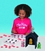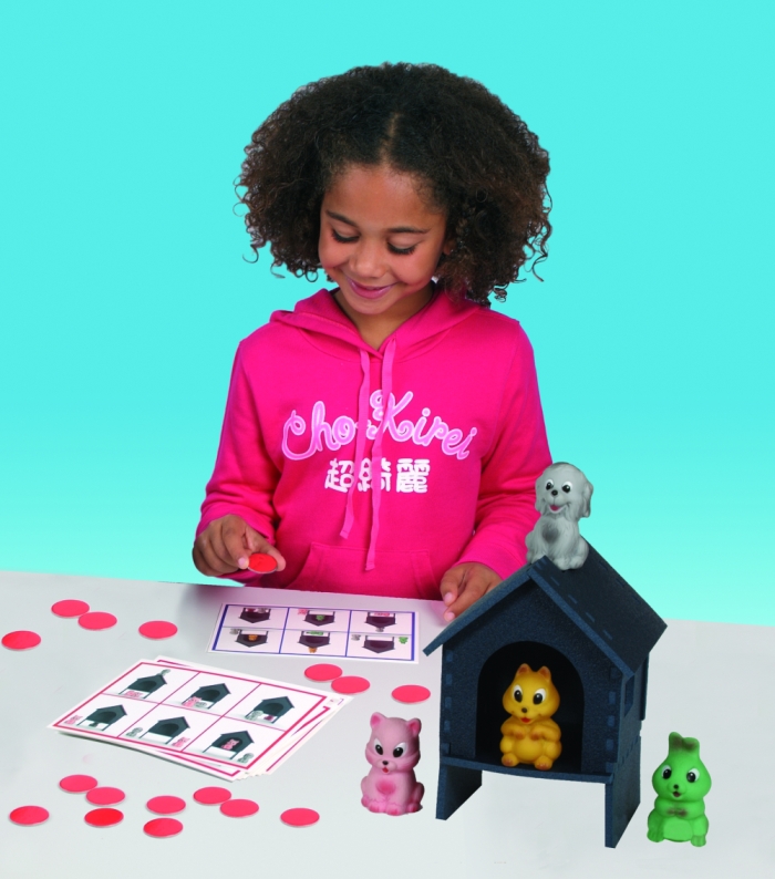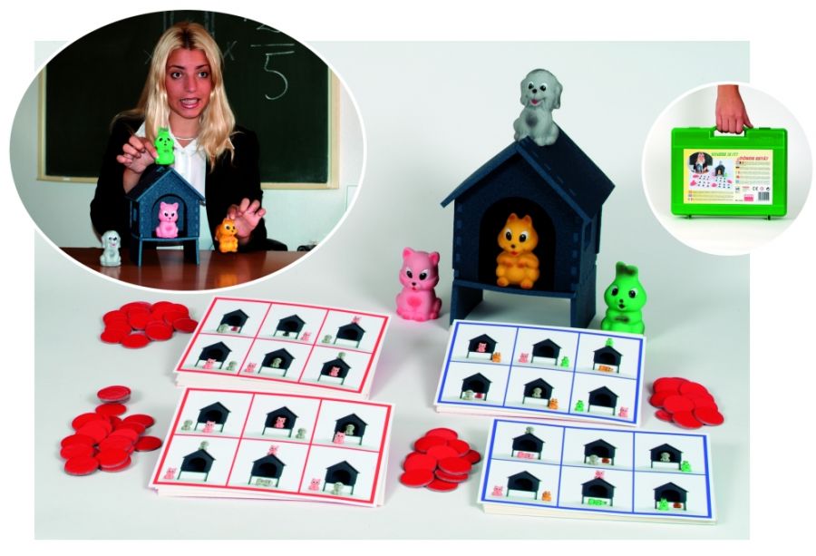 Zestaw zawiera 1 domek, 4 różnego koloru zwierzątka, 25 laminowanych kart i 150 żetonów przyznawanych dzieciom jako punkty.Całość zamykana jest w walizeczce.
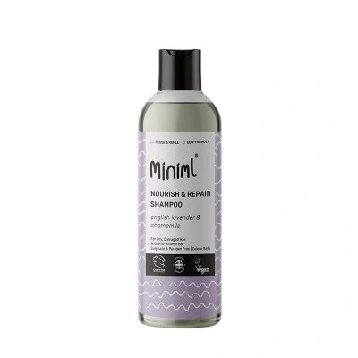 Miniml Nourish&Repair Shampoo with lavender and chamomile gently cleanses and strengthens dry, damaged hair while reducing split ends. Suitable for all hair types, it’s sulfate-free, vegan, and eco-friendly—perfect for daily use on sensitive scalps.
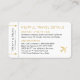 Elégante carte d'embarquement de billets d'avion or ou carte d'escorte avec beaucoup de place pour les messages personnalisés et les informations de navette ou de taxi, un complément parfait à une réception de mariage de destination ou de voyage thème de voyage pour le couple globe-trotter ayant un mariage à l'étranger. REMARQUE DESIGNER : Tout peut être modifié, y compris les couleurs et les polices. Cliquez simplement sur "customiser plus loin" pour utiliser l'éditeur avancé et modifier le modèle comme vous le souhaitez.
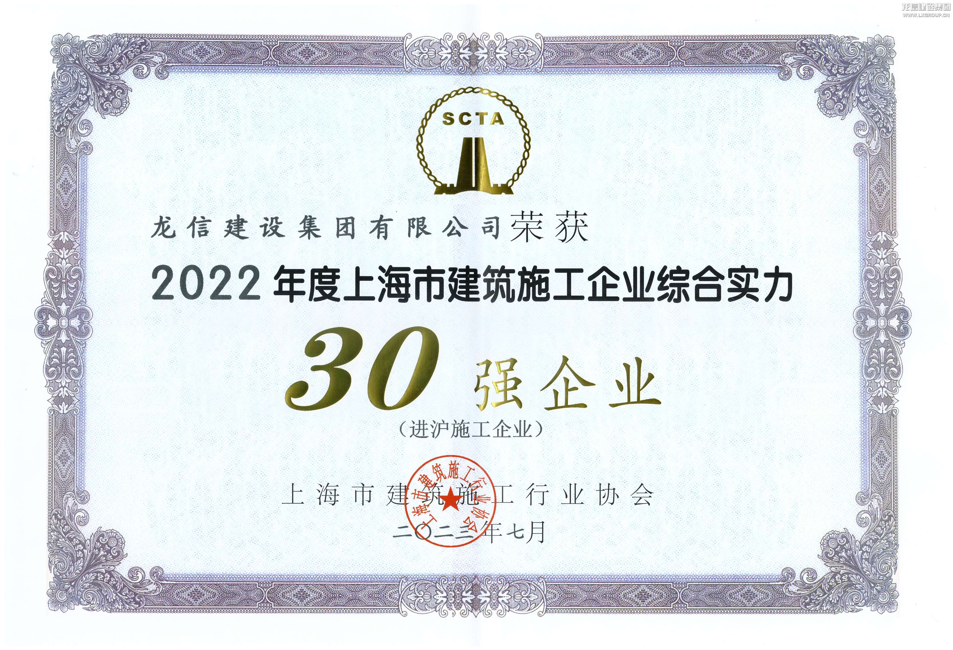2022年度上海市建筑施工企業(yè)綜合實力30強企業(yè)
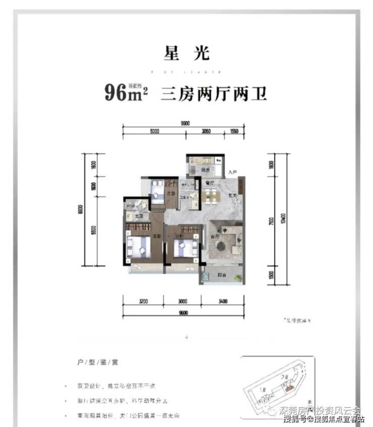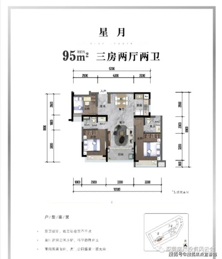 💎户型赏析💎 【1栋01、02户型】约95㎡ 三房两厅两卫
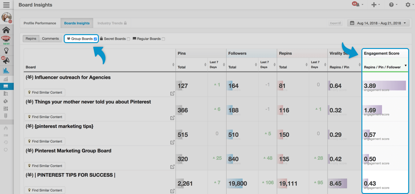 도구 팁: Tailwind의 Board Insights 및 Pin Inspector를 사용하여 그룹 보드의 성능을 평가하십시오. 그들이 당신을 위해 수행하지 않는다면, 당신의 시간을 다른 곳에 집중하십시오. 보편적으로 인정되는 "좋은" 참여도나 바이럴리티 점수는 없습니다. 나는 내 계정 전체의 평균을 보고 그 수치 아래로 떨어지는 계정을 종료하는 경향이 있습니다.

Instructions for the task => Leaving every picture out, please copy exactly the lines from the one holding "2022年度上海市建筑施工企業(yè)綜合實力30強企業(yè)" through the last line of the listing, both ends included.

Task solution =>
2022年度上海市建筑施工企業(yè)綜合實力30強企業(yè)
 💎户型赏析💎 【1栋01、02户型】约95㎡ 三房两厅两卫
 도구 팁: Tailwind의 Board Insights 및 Pin Inspector를 사용하여 그룹 보드의 성능을 평가하십시오. 그들이 당신을 위해 수행하지 않는다면, 당신의 시간을 다른 곳에 집중하십시오. 보편적으로 인정되는 "좋은" 참여도나 바이럴리티 점수는 없습니다. 나는 내 계정 전체의 평균을 보고 그 수치 아래로 떨어지는 계정을 종료하는 경향이 있습니다.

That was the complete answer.